**AVAILABLE RECORDS**:

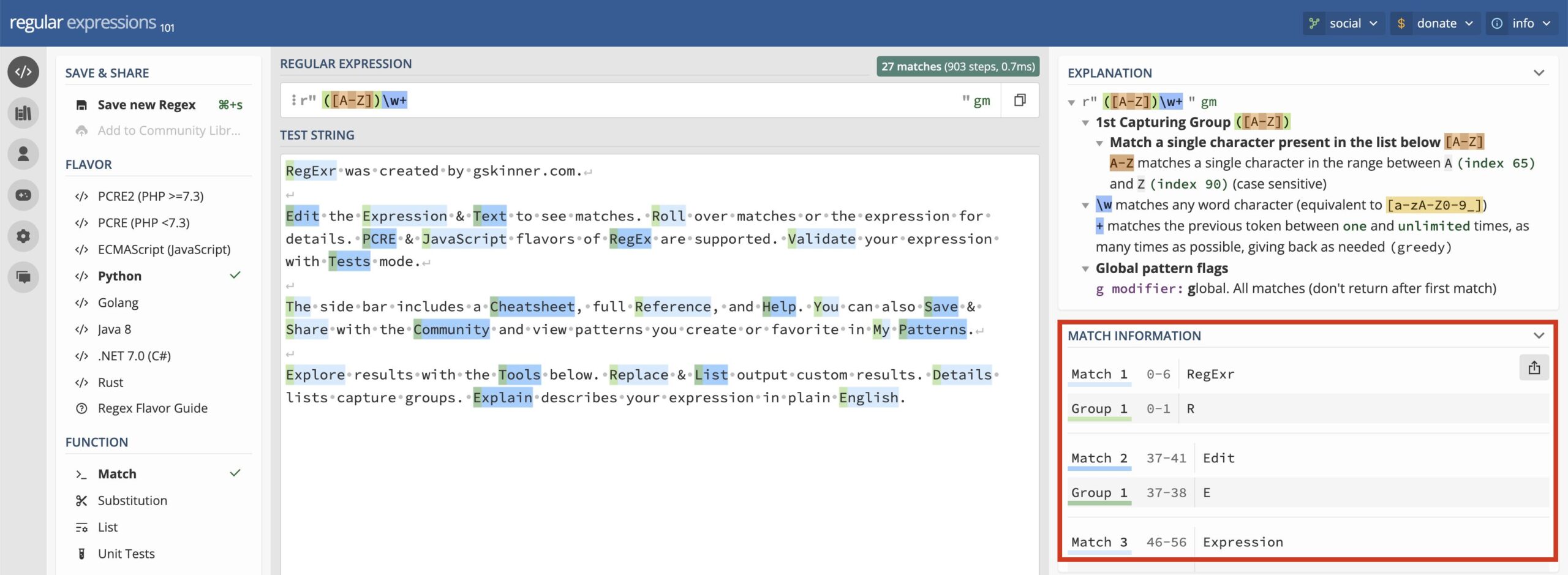 また、『MATCH INFORMATION』欄では正規表現にマッチした文字列(とグループ化していればその文字列)をリスト表示してくれます。
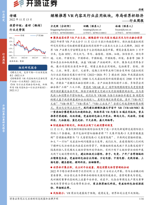 【开源证券】【20221113】传媒行业周报:继续推荐VR内容及行业应用板块,布局世界杯经济-16页 行业研究
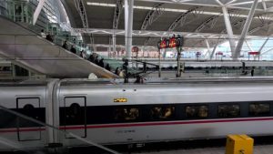0959大きな川、多分珠江。運搬船多数。10時を回った。目の前の無座らしきお兄ちゃん、両足開いてジーンズのポケットに手を突っ込み廊下に立ち尽くしてる。245km/h。
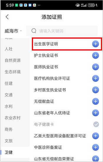 选择【卫健】分类下的“出生医学证明”,点击“+”,申领电子证照。
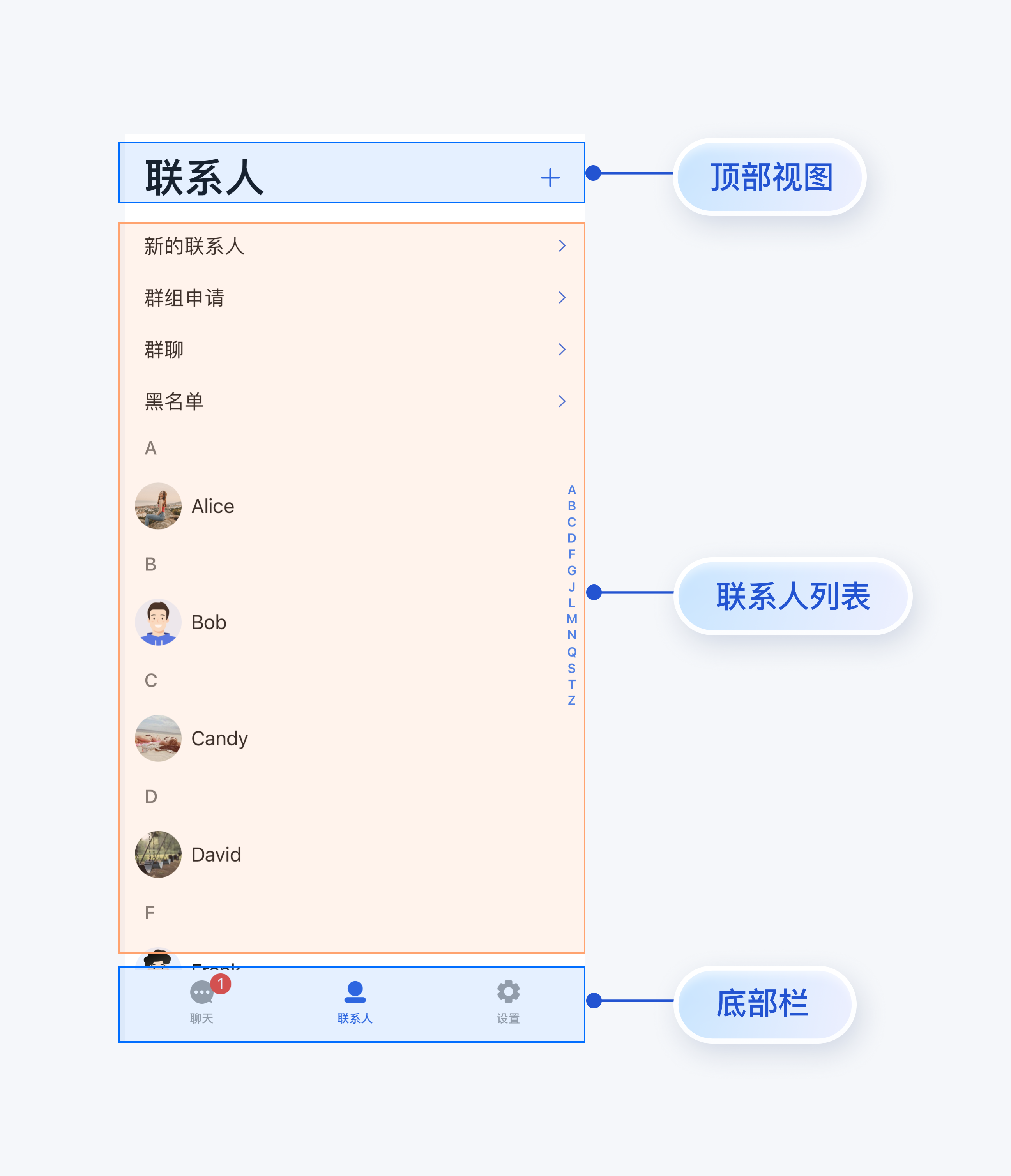 您可以将 ContactList 直接集成到现有的 App 中,也可以新构建一个完整的联系人列表页,组装后的一种 UI 效果如下图所示:
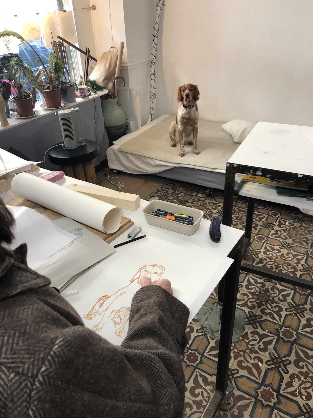 C’était il y a dix ans, mais si l’idée d’ouvrir un atelier de dessin lui trottait dans la tête depuis un moment déjà, il aura fallu attendre que son corps finisse par parler pour qu’elle se décide enfin à reprendre le crayon : « je passais presque autant de temps chez le kiné que dans mon atelier. Je fabriquais plutôt des gros meubles, c’était devenu trop physique. Et puis j’avais la sensation de déménager tout le temps, j’avais besoin de me poser ». C’est ainsi qu’en créant le Nouvel Atelier Barbier, elle est enfin revenue à ses premières amours : le dessin.
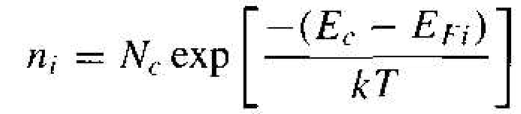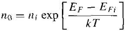 Adding donor or acceptor impurity atoms to a semiconductor will change the distribution of electrons and holes in the material. Since the Fermi energy is related to the distribution function, the Fermi energy will change as dopant atoms are added. If the Fermi energy changes from near the midgap value, the density of electrons in the conduction band and the density of holes in the valence hand will change. These effects are shown in Figures 1.1 and 1.2. Figure 1.1 shows the case for EF > EFi and Figure 1.2 shows the case for EF < EFi. When EF > EFi, the electron concentration is larger than the hole concentration, and when EF < EFi, the hole concentration
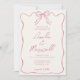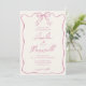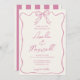 Ponha o tom para o seu dia de sonho com este adorável convite de casamento! Com uma bela borda de arco de fita colete rosa desenhada à mão, é doce, na moda, e totalmente você. Personalize com seus detalhes para criar o convite perfeito para sua comemoração romântica!
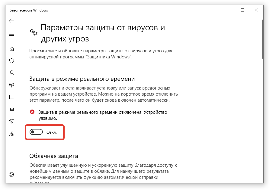 - Деактивировать параметр «Защита в режиме реального времени»
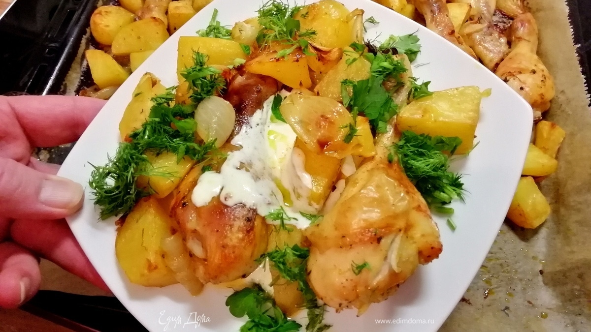 Духовку разогрейте до 200°C. Переложите продукты в форму для запекания или прямо на противень, покрытый пергаментной бумагой, и запекайте до готовности мяса. Через минут 20 следует аккуратно перевернуть кусочки курицы и картофеля на другую сторону, чтобы они равномерно прожарились.
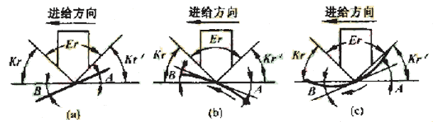具体的干涉碰撞检查算法,是在插值点将加工刀具的主偏角和副偏角与直线倾斜角度比较,对于圆弧段轮廓,则与该插值点在圆弧轮廓的切线的倾斜角进行比较,并区分顺圆和逆圆两种情况。以右车刀切外轮廓为例,其对于直线和圆弧的干涉检查如图4所示。检查结果将写入一个干涉报告中,图4中,kr为主偏角.kr'为副偏角,Er为刀尖角,A为与切削加工方向相反的倾斜角,B为与切削加工方向相同的倾斜角。当A>kr时,刀具副切削刃和零件表面发生干涉,当180°+B<180°-kr时,刀具的主切削刃和零件表面发生干涉,这时将发生过切现象二对于不同的加工方向和加工轮廓,上述判别式应进行相应的调整。
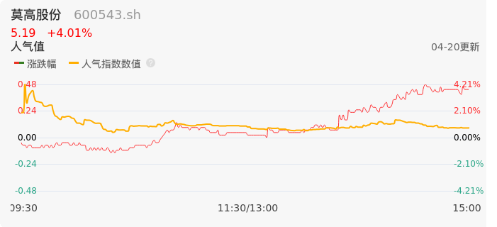 04月20日,莫高股份收报5.19,股价涨幅4.01%,成交金额5234.86万元,换手率3.21%。
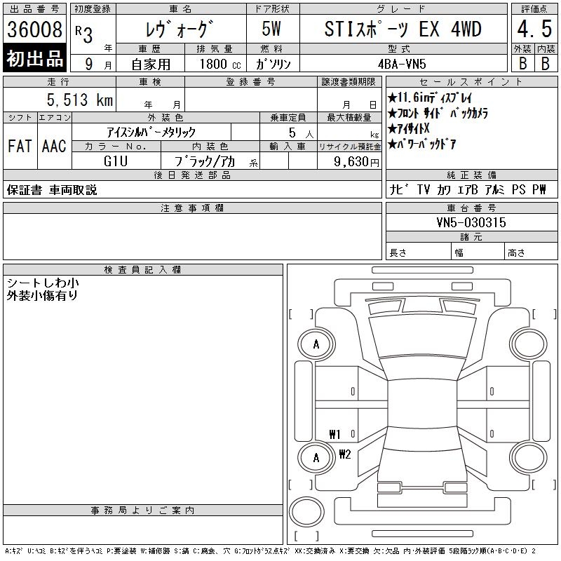 SUBARU LEVORG - лот 36008
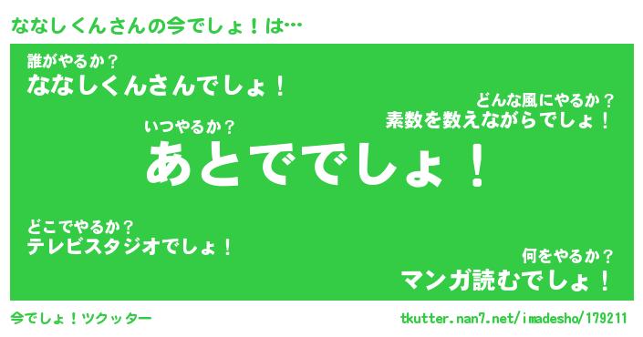| ヘコむあだ名 | 『ななもー』『牛乳』『なな太郎』 |
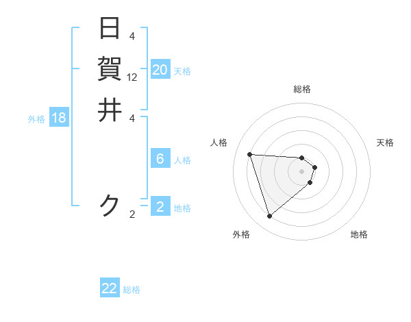 日賀井 クさんの総格は22画の1点!
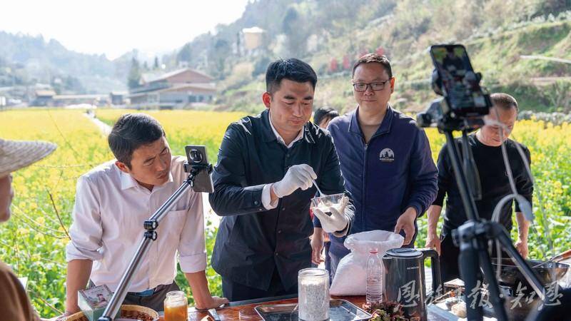 向家村村:“联”字当头,一花三吃算细账从黄坪村向东北行进,万寨乡向家村村的千亩油菜花也开得热闹。田间步道上,游客或漫步拍照,或蹲下身子闻花香,孩子们在花间追逐嬉戏。与麻阳寨不同,这里的油菜花已经给村里带来了一笔收益。“这片花田,我们算的是‘联’字账。”向家村村党支部书记覃浩站在观景台上,指着脚下的花海说。他说的“联”,是万寨乡探索的联村发展模式——向家片区四个村打破行政壁垒,成立联村党委,组建联村集体经营公司,把分散的土地、资金、人力整合起来,统一规划、统一经营、统一销售。“以前各搞各的,你有花我没花,游客来了看一眼就走。现在四个村抱团,你种油菜我种草莓,你做民宿我做餐饮,客源共享、业态互补,游客能玩一整天。”覃浩说,今年油菜花开以来,片区内民宿天天爆满,农家乐翻台不断,土特产供不应求。向家村村的油菜花,还有一本“吃”的账。“我们这片油菜,既能看,还能吃。”覃浩带记者走进花田,指着盛开的油菜花说,“油菜抽薹期,我们卖了一段时间菜薹,一亩能增收几百块;花期引游客,带动农家乐和民宿;花期过后收菜籽榨油,又是一笔收入。这叫‘一花三吃’。”下午,覃浩在花田旁的空地上对着手机镜头推销村里的土特产:“家人们看,这是我们向家村的自产菜籽油,纯天然、无添加,今天下单,明天发货!”直播间里,订单提示音不时响起。这样的场景,在向家村村已成常态——电商直播让“花海流量”变成了“产品销量”。
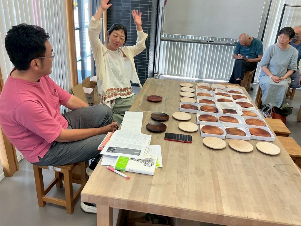 後半は會津稽古堂に移動して拭き漆の小皿制作です。吉田さんたち漆部会のみなさんのサポートのもとみなさま楽しんで取り組んでおられました。漆は漆部会が育てた漆から採取した会津の漆。木地は樹齢100年ぐらいの会津産の栃です。二枚目に挑戦する方も。
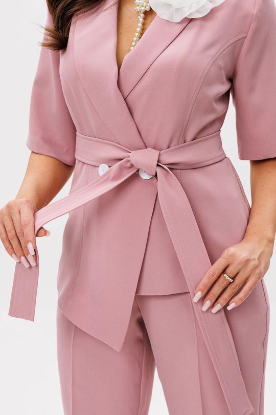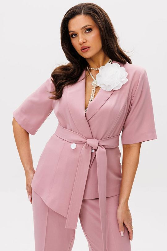 Жакет полуприлегающего силуэта, двубортный, с застежкой на две пуговицы. Воротник английский. Рукав втачной, длиной до локтя. По бокам рельефные швы, формирующие силуэт. На уровне груди предусмотрены нагрудные вытачки. Украшает модель съемный декоративный цветок.
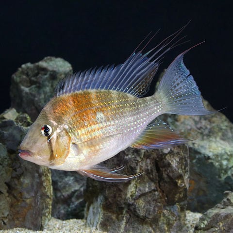 | 種類詳細 | 南米に広く分布するゲオファーガスに近縁な1属1種のシクリッドです。 本種はやや体高のある体系と黄色味がかった体色に青く染まるウロコが美しい種で、オスメスともに成長すると背ビレのフィラメントが伸張します。 飼育、繁殖ともに容易で、サイズが同程度の中型種同士であれば混泳も可能ですが、成長とともにやや気が荒くなり発情したペアは気が荒くなるため注意が必要です。 繁殖はペアで行われ、流木や石などの基質に産卵しメスが卵を咥えるマウスブリーダーです。 |
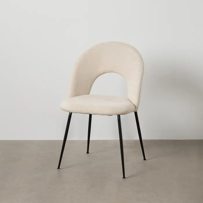 Material: Poliéster-DM-METAL Relleno:foam Densidad del relleno: 22kg/m3. Material tablero del asiento: DM. Material de las patas: Hierro Altura del asiento:47cm Altura de las patas:43cm. Altura del respaldo:37cm. Medidas del asiento:47x45cm. Distancia entre las patas:48cm. Peso máximo soportado:120kgs. No apilable. No necesita montaje. Cumple normativa EN16139:2013 (Catering).
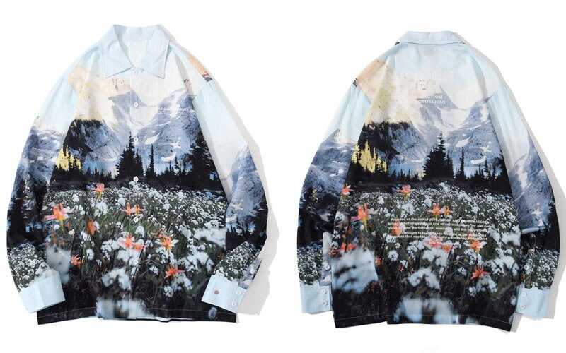 Pattern : Tree Flower Snow mountain Print
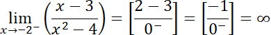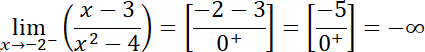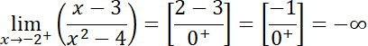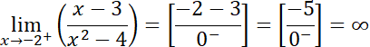 Zacznij od badania dziedziny funkcji, sprawdź, czy istnieją jakieś punkty, w których funkcja nie przyjmuje wartości (tzn. jest w nich nieciągła). Występowanie asymptot pionowych badasz poprzez sprawdzanie granic przy x dążącym do punktu nieciągłości z prawej i lewej strony. Są to punkty x = -2 i x=2. Po podstawieniu w granicach wartości nieco większych i nieco mniejszych niż -2 i 2 otrzymasz odpowiednio nieskończoność oraz minus nieskończoność i minus nieskończoność i nieskończoność dla drugiego punktu. Są to granice niewłaściwe. Stąd wniosek, że w punkcie
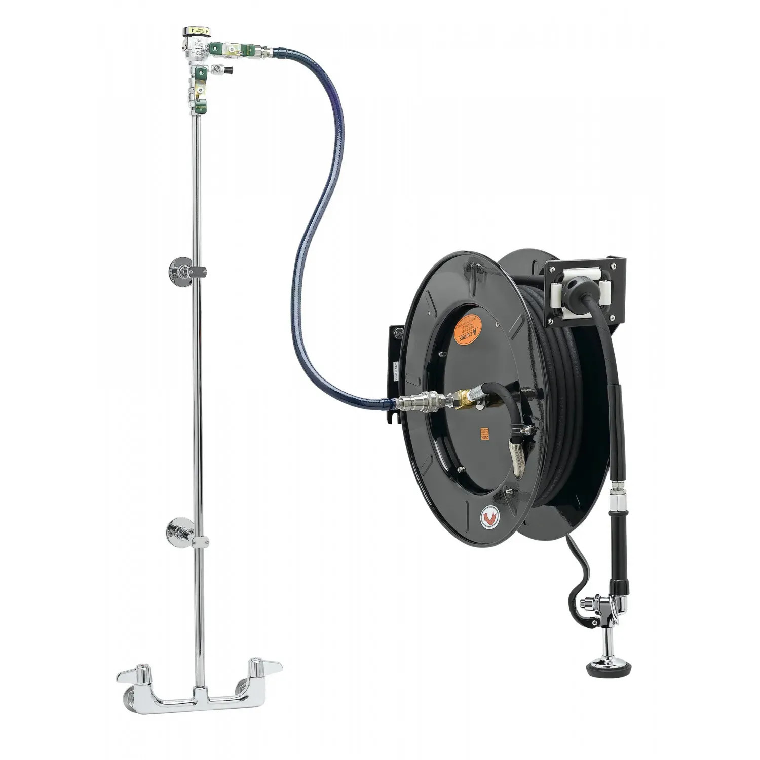 Improve Equipment Function with the T&S Brass, 5HR-242-01XE1, Hose Reel Assembly. This all-in-one system is designed to enhance the efficiency and convenience of your commercial restaurant. With its exposed piping and accessories, this hose reel assembly offers easy access and quick installation. The 8" wall mount mixing faucet, featuring a polished chrome plated brass body, adds a touch of elegance to your kitchen while ensuring durability and longevity. The quarter-turn ceramic cartridges provide smooth and precise control over water flow, reducing the risk of leaks and drips. Whether you need to clean dishes, wash produce, or fill large pots, this hose reel assembly is up to the task. Upgrade your restaurant's equipment with the T&S Brass, 5HR-242-01XE1, Hose Reel Assembly and experience improved functionality and reliability.

**TASK INSTRUCTIONS**:
Above are the records. Copy word for word only their lines from the one holding "Ponha o tom" through the one holding "- Деактивировать параметр", both included, and skip the images.

**TASK SOLUTION**:
 Ponha o tom para o seu dia de sonho com este adorável convite de casamento! Com uma bela borda de arco de fita colete rosa desenhada à mão, é doce, na moda, e totalmente você. Personalize com seus detalhes para criar o convite perfeito para sua comemoração romântica!
 - Деактивировать параметр «Защита в режиме реального времени»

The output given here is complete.